El tercer plato fue una obscenidad: un chocolate negro derretido que Adrián vertió lentamente sobre fresas y luego sobre el hueco de su clavícula, limpiándolo con la lengua en largas lamidas que la hicieron cruzar las piernas.  

—El postre se sirve en la cocina —susurró él al oído, mordiendo el lóbulo—. Solo para invitados especiales.

El calor de los fogones era nada comparado con el que ardía entre sus piernas. Adrián la sentó sobre la mesa de acero inoxidable, apartando utensilios con un brazo mientras el otro la desnudaba.  

—Quiero probarte —gruñó, arrancando su tanga con los dientes—. Cada centímetro.  

Su boca fue un incendio: primero en sus pechos, mordisqueando los pezones hasta hacerla arquearse; luego descendiendo por su abdomen mientras sus dedos la abrían, preparándola para su lengua.  

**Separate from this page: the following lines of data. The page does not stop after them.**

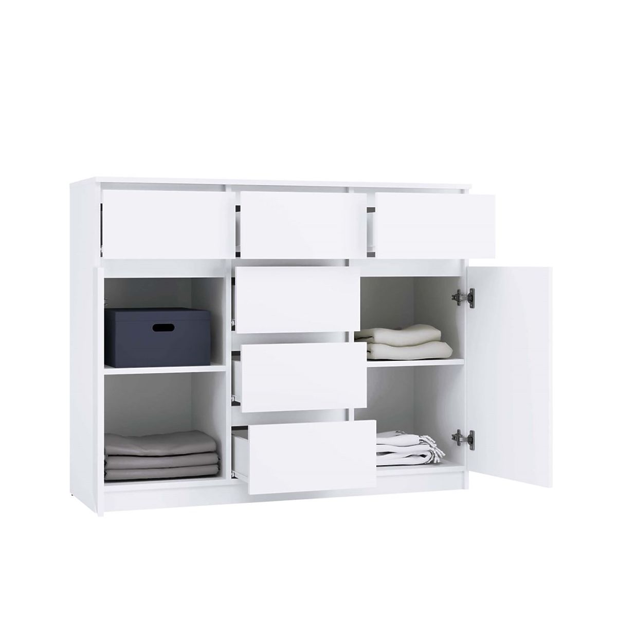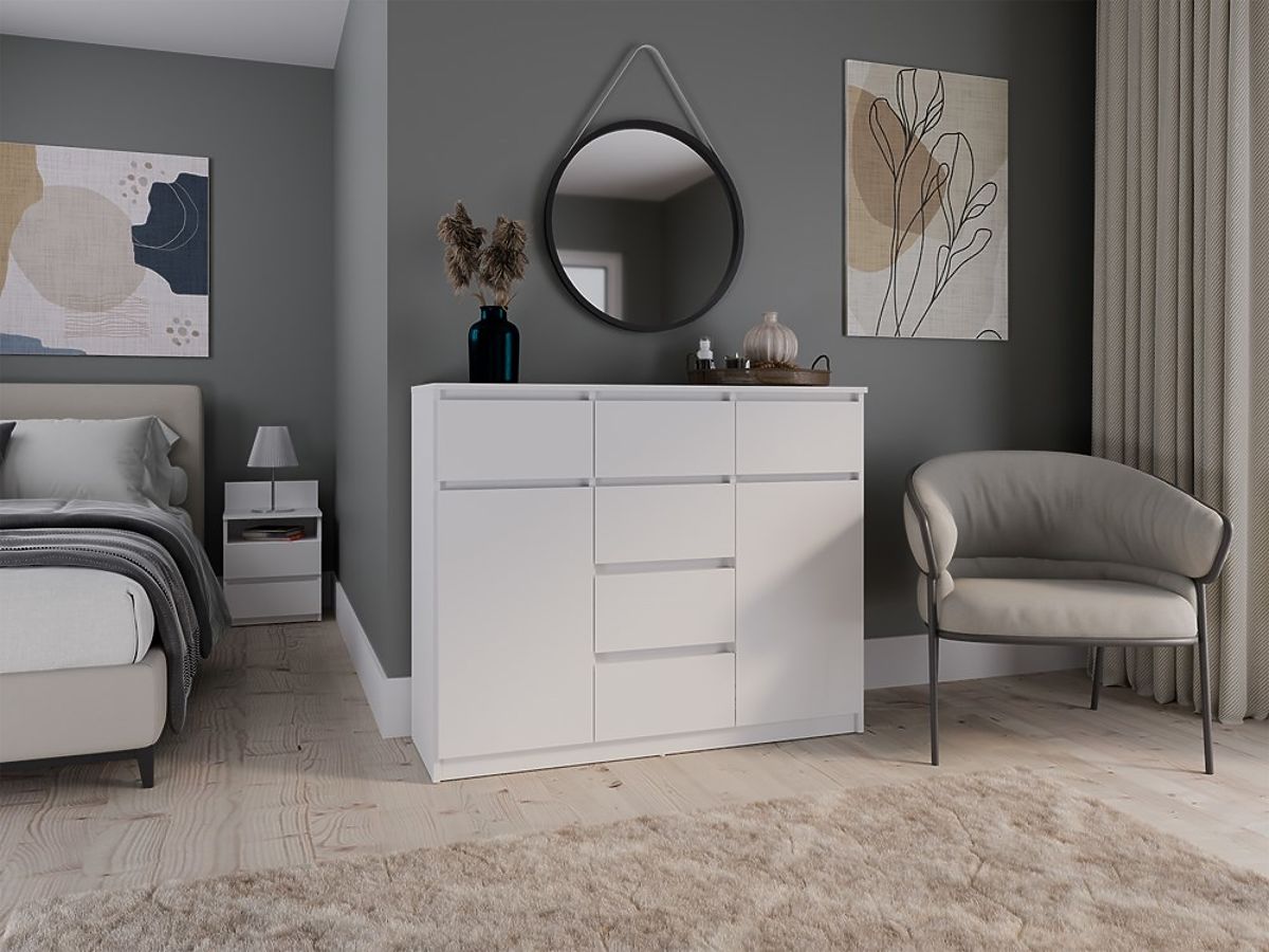 Moderna komoda s 2 vrata i 6 ladica u bijeloj boji. .. više
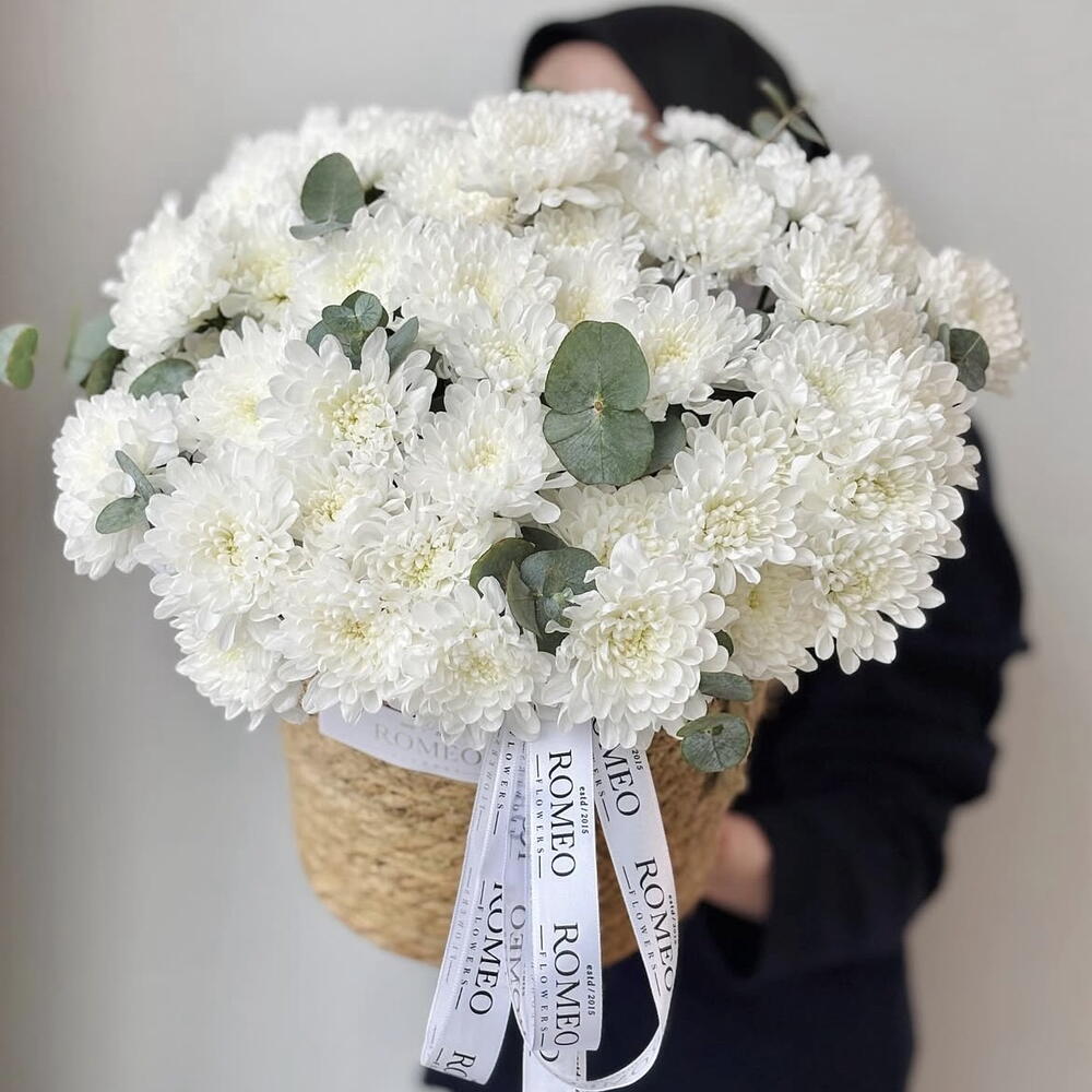 Этот изящный ансамбль свежих цветов представлен в стильной корзине и включает в себя пять веток ароматного эвкалипта и пять белоснежных хризантем. Он идеально подходит для того, чтобы выразить свои чувства, передать тепло и заботу близким людям. Сочетание цветов и зелени создает гармоничное и покоящее впечатление. Удивите своих близких или украсьте интерьер таким волшебным букетом.
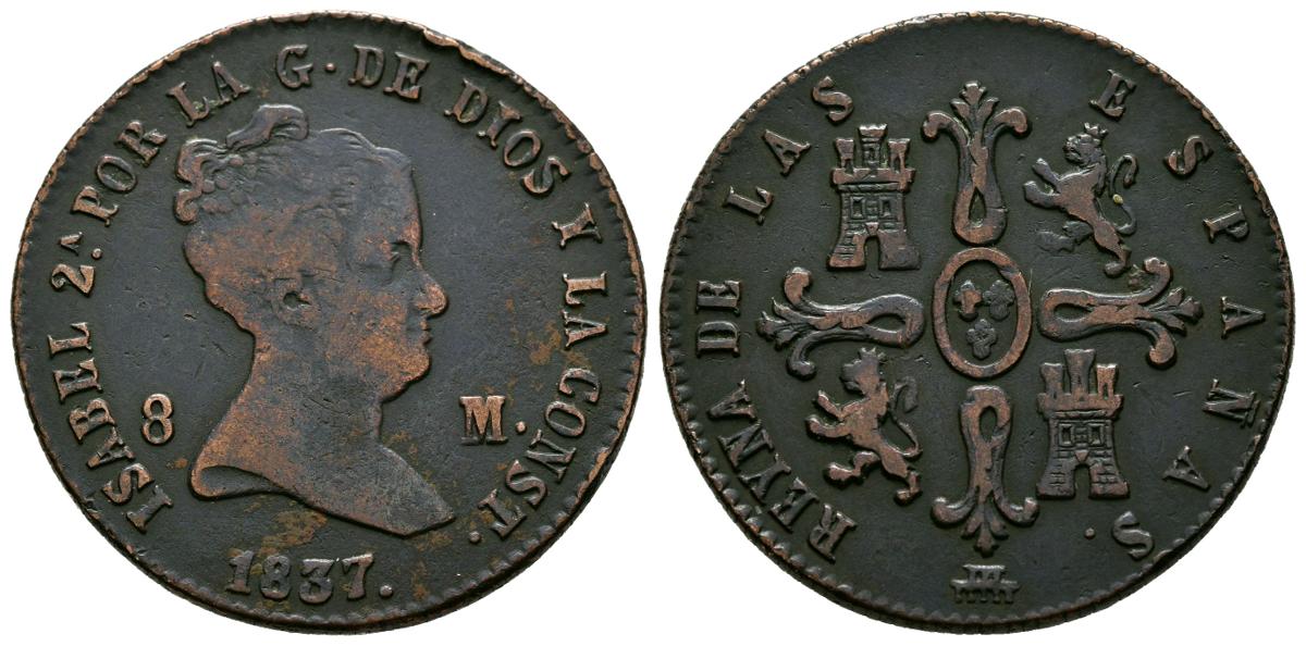 ISABEL II (1833-1868). 8 Maravedís. (Ae. 10,44g/18mm). 1837. Segovia. (Cal-2019-123). BC+.
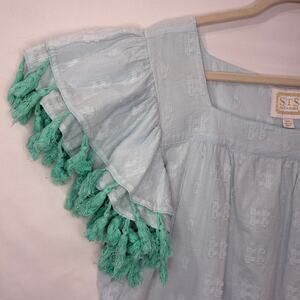 STS Sail to Sable Plus Size XXL Shift Dress Tassel Ruffle Sleeve Lined Beachy
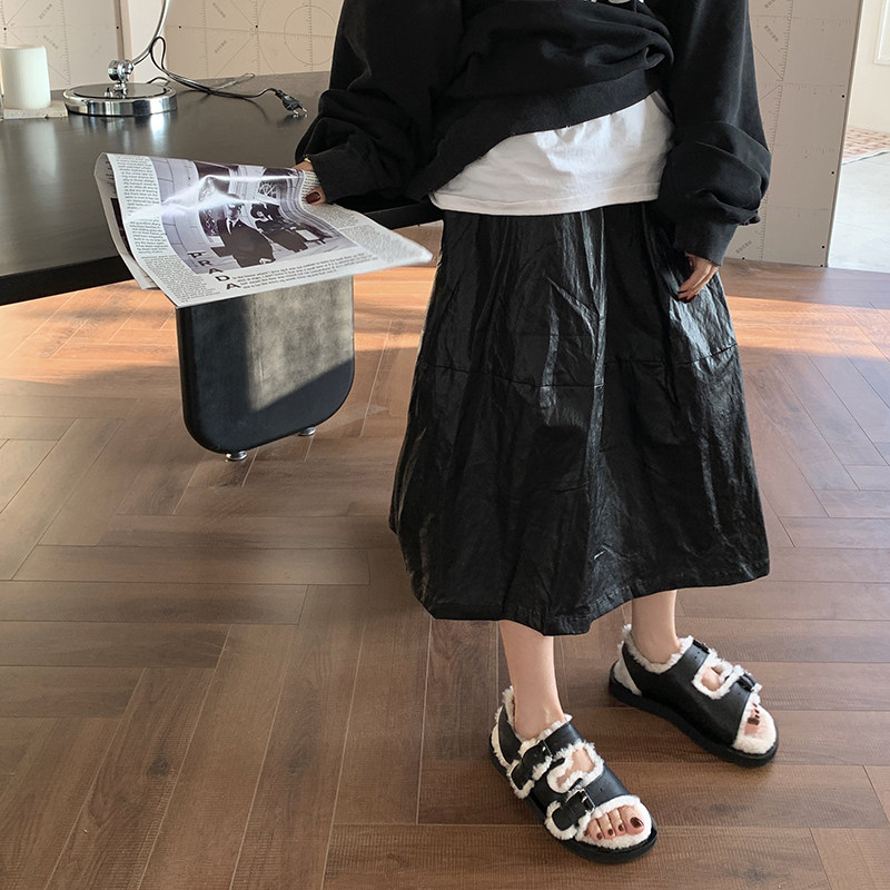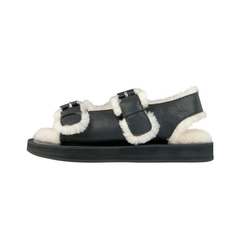 Net red explosive leather fur integrated thick bottom fur shoes women autumn winter outwear 2021 new flat-bottomed warm and velvety sandals
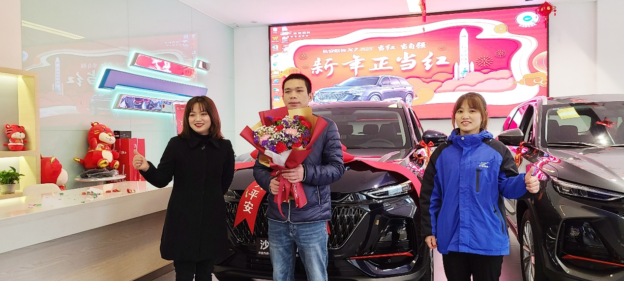 4S店里,不断有客户前来看车,有的带着孩子父母一起,让家人感受车内空间和座椅舒适度,目的是要买一辆全家人坐着都舒服的车。同时,也有用户前来提车,工作人员在欧尚X7 PLUS车头挂上红花,寓意红红火火,吉祥如意,并郑重地将钥匙交到用户手上,满满的仪式感,让用户感到诚意和用心。
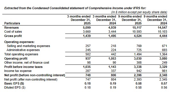 a) The above information is extracted from the audited condensed consolidated Balance sheet and Statement of Comprehensive Income for the quarter and nine months ended December 31, 2025, which have been taken on record at the Board meeting held on January 14, 2026.
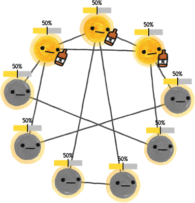 Sok szociológiai jelenség megmagyarázható a kapcsolatok (kapcsolati hálók) ismeretével. Az alábbi ábra példát mutat erre. A jelenség itt: a közösség minden tagja úgy gondolja, hogy a közösség 50%-a alkoholista. Valójában ez nincs így, csak a közösség egyharmada nagyivó. Azért érzik így mégis, mert az ismerőseik 50%-a tényleg az, és ezt vetítik ki a teljes közösségre.
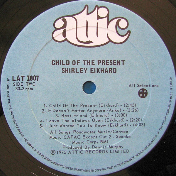 Child of the Present is a studio album by Canadian singer-songwriter Shirley Eikhard, released in 1975. The album produced the singles ‘Play a Little Bit Longer,’ ‘Sure Thing,’ and ‘I Just Wanted You to Know,’ all of which reached the Canadian Top 40. The record documents a transitional period in Eikhard’s career, balancing singer-songwriter intimacy with polished studio arrangements, and contributed to contemporary comparisons with artists such as Carole King and Anne Murray.
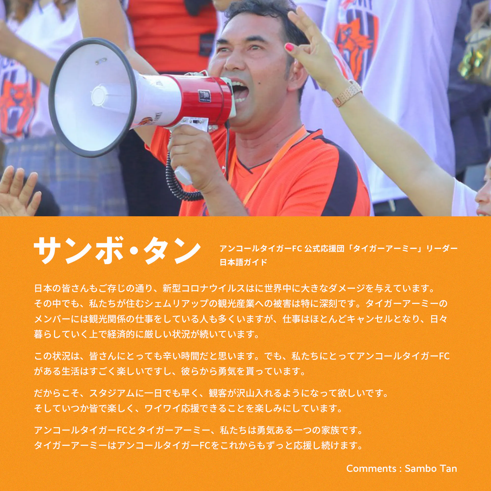 この先どれだけアンコールタイガーFCが強くなっても、勇気、希望、誇り、そして感動を分かち合うサポーターがいなければ、それはクラブが目指す景色ではありません。
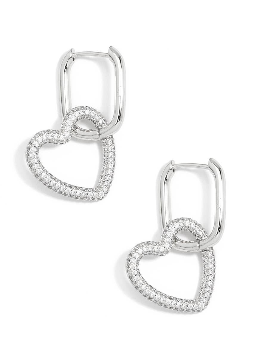 Drop earring composed of triple coated 18k gold-plated brass oblong links. Features a heart-shaped cubic zirconia pavé crystal link as a drop.
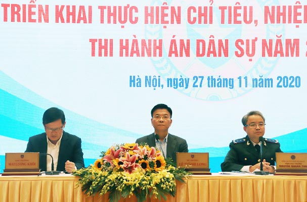 Ngày 27/11, Bộ trưởng Bộ Tư pháp Lê Thành Long đã chủ trì Hội nghị triển khai thực hiện chỉ tiêu, nhiệm vụ công tác thi hành án dân sự (THADS) năm 2021. Cùng tham dự có Thứ trưởng Mai Lương Khôi; Tổng Cục trưởng Tổng cục THADS Nguyễn Quang Thái; Lãnh đạo một số đơn vị thuộc Bộ; Lãnh đạo các đơn vị thuộc Tổng cục cùng Lãnh đạo các cơ quan THADS địa phương.
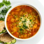 Add bell peppers to the pan, along with oregano and garlic, and saute until tender, another 3-4 minutes. Stir in diced tomatoes and another pinch salt and pepper. Saute 2 minutes before pouring in vegetable broth. Bring to a boil then add peas. Heat to a boil again then reduce to low and simmer for 10-15 minutes,
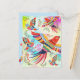 Framsidan på dessa färgglada kort har mina akvarellfåglar och bär, med orden "Du får mitt hjärta att sjunga" på en flerglad tie-dye-inspirerad bakgrund. Baksidan har en folkkonstfågel och ett rosa hjärta på en ljusblå bakgrund, redo för vilket meddelande du än väljer. Ett fint " tack "-kort, "hej och hej", "jag älskar dig" "tänker på dig" eller något annat meddelande du väljer. Whimsical konst & design av Tuzi Willioams.
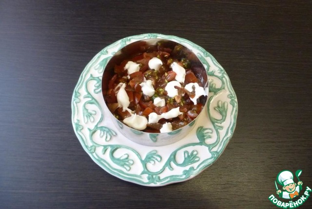 Салат можно готовить в глубокой миске слоями или выложить через сервировочное кольцо.
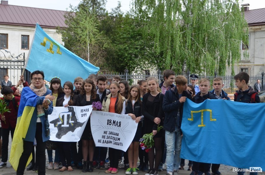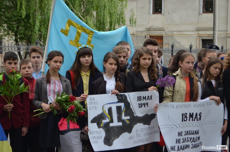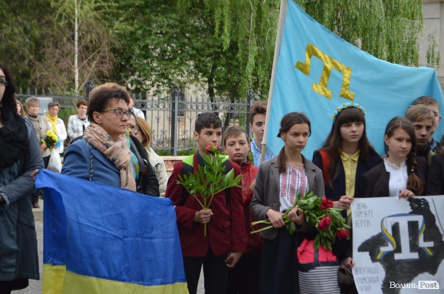 Сьогодні у Луцьку вшановували пам'ять жертв геноциду кримськотатарського народу. Саме цього дня, 18-го травня, 1944 року з Кримського півострова було депортовано близько 183 144 кримських татар, за татарськими джерелами — 228 500, з яких тільки упродовж перших півтора років померло близько 110 тисяч осіб.
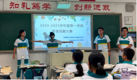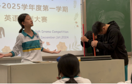 周日,英语的戏剧比赛如期举行。尽管只给每个组5分钟的时间准备,但那又如何呢?同学们脸上的笑容和跃跃欲试的兴奋感让准备的充分与否不再重要,每个人投入其中,不论名次,不论好坏,不论输赢,每个人都将会给与台上的表演者们送上发自内心的掌声与尊重!
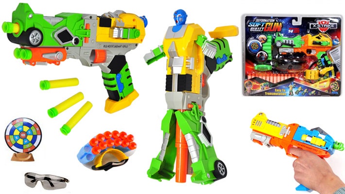 - des conteneurs de balles main / taille Se transforme instantanément du mode pistolet au mode robot!
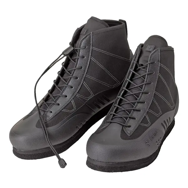 山岳渓流での信頼性を追求し、Foxfireの技術を結集してグリップ性能・軽量性・耐久性を高い次元で備えたウェーディングシューズです。アッパーのプロテクションには耐摩耗性・耐候性に優れるRPU(ポリウレタンラバー)を採用し、ベース地との直接接着成型によって強度と軽さを両立。フィット感重視の2Eワイズ仕様、歩行の屈曲を利用した水抜き構造により、軽快な遡行をサポート。8ホール仕様でホールド感が高く、シューレースは解けにくいコードロック式。ストッパーと余り紐はシュータン内のポケットに収納でき、スマートで安全です。アウトソールは幅広いフィールドに適したフェルト仕様(ピン無し)となります。
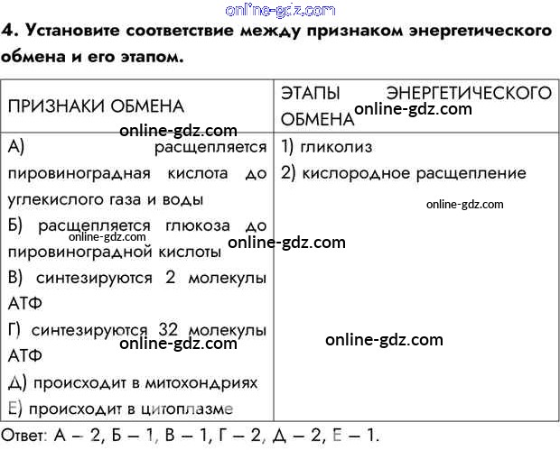 Готовые домашние задания по Биологии за 10 класс Учебник Пасечник, Каменский Линия жизни 2018 - Совершенствуемся §22. Энергетический обмен в клетке 4
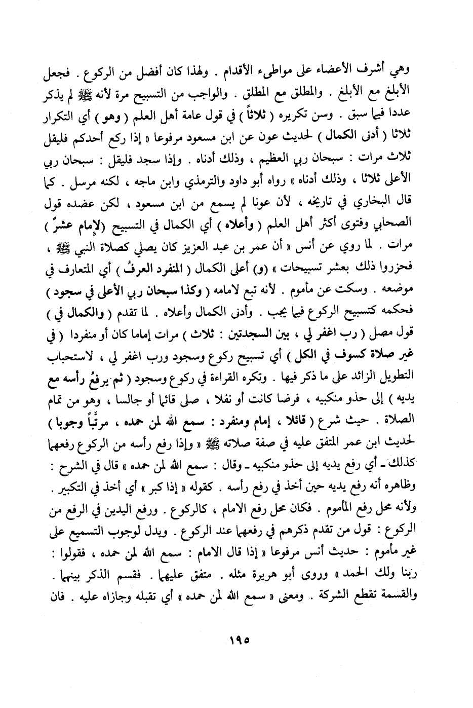 كَمَا قَالَ الْبُخَارِيُّ فِي تَارِيخِهِ، لِأَنَّ عَوْنًا لَمْ يَسْمَعْ مِنْ ابْنِ مَسْعُودٍ، لَكِنْ عَضَّدَهُ قَوْلُ الصَّحَابِيِّ وَفَتْوَى أَكْثَرِ أَهْلِ الْعِلْمِ (وَأَعْلَاهُ) أَيْ الْكَمَالِ فِي التَّسْبِيحِ (لِإِمَامٍ عَشْرُ) مَرَّاتٍ لِمَا رُوِيَ عَنْ أَنَسٍ " أَنَّ عُمَرَ بْنَ عَبْدِ الْعَزِيزِ كَانَ يُصَلِّي كَصَلَاةِ النَّبِيِّ صَلَّى اللَّهُ عَلَيْهِ وَسَلَّمَ فَحَزَرُوا ذَلِكَ بِعَشْرِ تَسْبِيحَاتٍ " (وَ) أَعْلَى الْكَمَالِ (الْمُنْفَرِدِ الْعُرْفُ) أَيْ الْمُتَعَارَفُ فِي مَوْضِعِهِ،
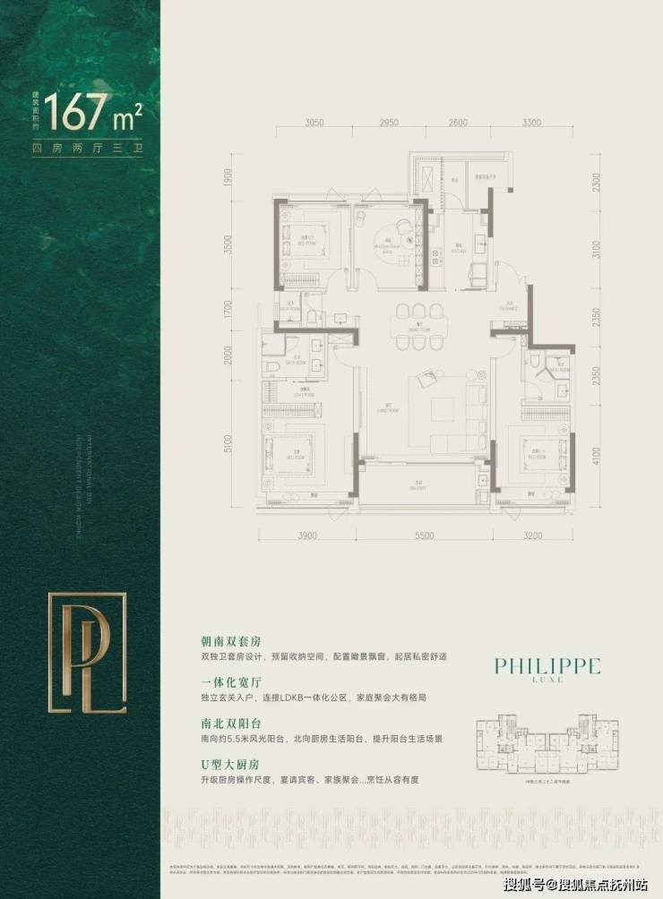 建面约167㎡南厅户型,四房两厅三卫,两梯两户,客厅南向开间5.5米,主卧开间3.9米,厨房北侧还配有小面积阳台。

—Dios, qué dulce eres —murmuró contra su sexo, haciendo vibrar cada sílaba—. Más que mis postres.  

Laura gritó cuando esa lengua experta encontró su clítoris, dibujando círculos precisos como si midiera ingredientes. Sus manos se aferraron a su pelo, empujándolo más contra ella mientras las caderas perdían el ritmo.  

—No, no aún —la apartó, dejándola al borde—. El plato fuerte viene ahora.  

Adrián la giró boca abajo sobre la mesa, levantándole las caderas. El sonido de su cremallera fue el preludio de algo más grueso, más caliente que su lengua.  

—Mira cómo entras en mí —ordenó, guiando su mano hacia atrás para que sintiera su empuje inicial—. Toda.  

El grito de Laura rebotó en las paredes de acero cuando la llenó de un solo movimiento. Adrián cocinaba como hacía el amor: con precisión brutal, cada embestida calculada para rozar ese punto que la volvía loca.  

—Esta es mi salsa secreta —jadeó, sacándola casi por completo antes de volver a clavarse—. ¿Te gusta?  

Laura respondió con un chorro de placer que mojó sus muslos y la mesa. Adrián maldijo, acelerando el ritmo hasta que sus propios gruñidos se mezclaron con los de ella.  

—Dentro —suplicó Laura—. Quiero tu...  

El orgasmo los envolvió en un éxtasis pegajoso: chocolate fundido mezclado con el sudor de sus cuerpos, las marcas de sus dedos grabadas en las caderas de Laura y su semilla goteando entre sus muslos.  

En la madrugada, Laura despertó en la cama de Adrián (arriba del restaurante), con su lengua limpiando restos de crema batida de su ombligo.  

—Vuelve mañana —susurró él—. Te mostraré cómo se prepara el soufflé.

Y cuando sus dientes cerraron sobre su muslo interno, Laura supo que este menú tendría muchos repetidores.